◆ DATASET EXCERPT
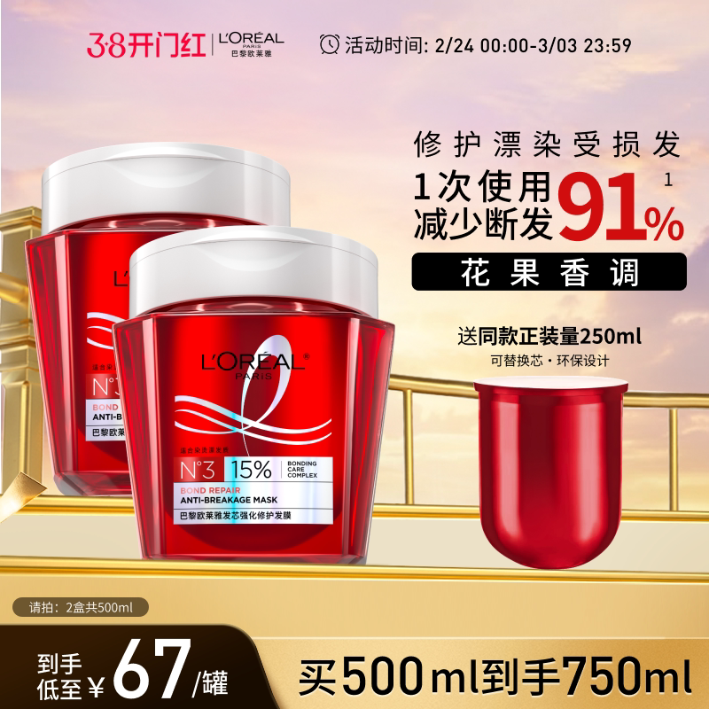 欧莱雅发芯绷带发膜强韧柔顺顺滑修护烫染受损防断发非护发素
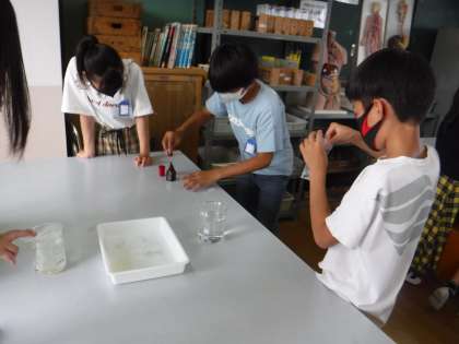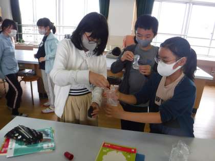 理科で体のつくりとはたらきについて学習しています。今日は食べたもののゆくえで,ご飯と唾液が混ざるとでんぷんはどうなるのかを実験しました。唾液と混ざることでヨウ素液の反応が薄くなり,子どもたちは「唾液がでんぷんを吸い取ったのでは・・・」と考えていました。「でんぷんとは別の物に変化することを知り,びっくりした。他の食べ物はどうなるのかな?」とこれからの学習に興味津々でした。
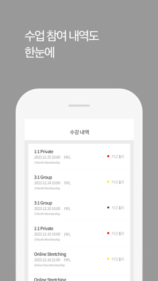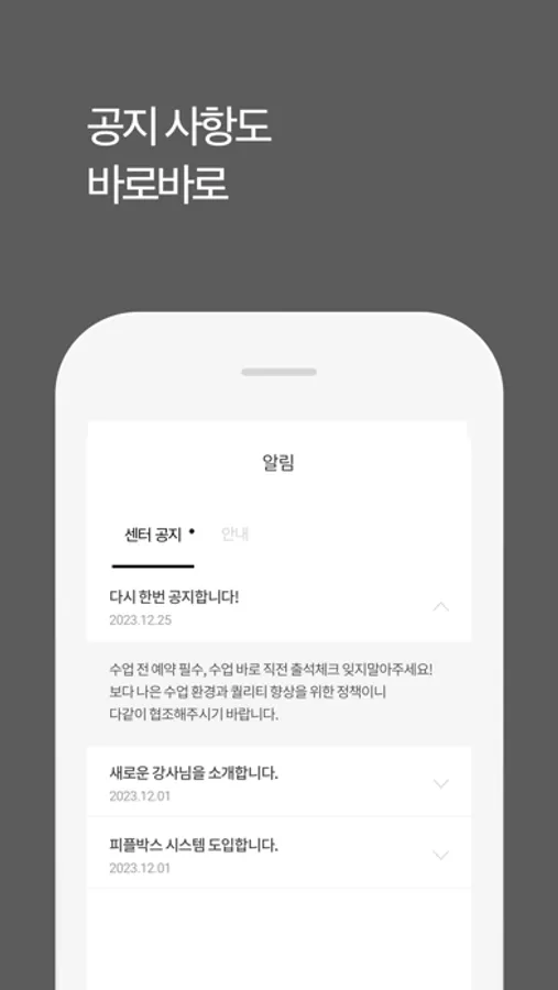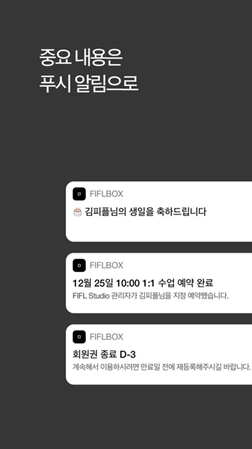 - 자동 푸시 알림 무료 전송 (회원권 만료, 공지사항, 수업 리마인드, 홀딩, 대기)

◆ EXERCISE GOAL
The expected answer is the full listing above, transcribed exactly and without pictures.

◆ WORKED SOLUTION
 欧莱雅发芯绷带发膜强韧柔顺顺滑修护烫染受损防断发非护发素
 理科で体のつくりとはたらきについて学習しています。今日は食べたもののゆくえで,ご飯と唾液が混ざるとでんぷんはどうなるのかを実験しました。唾液と混ざることでヨウ素液の反応が薄くなり,子どもたちは「唾液がでんぷんを吸い取ったのでは・・・」と考えていました。「でんぷんとは別の物に変化することを知り,びっくりした。他の食べ物はどうなるのかな?」とこれからの学習に興味津々でした。
 - 자동 푸시 알림 무료 전송 (회원권 만료, 공지사항, 수업 리마인드, 홀딩, 대기)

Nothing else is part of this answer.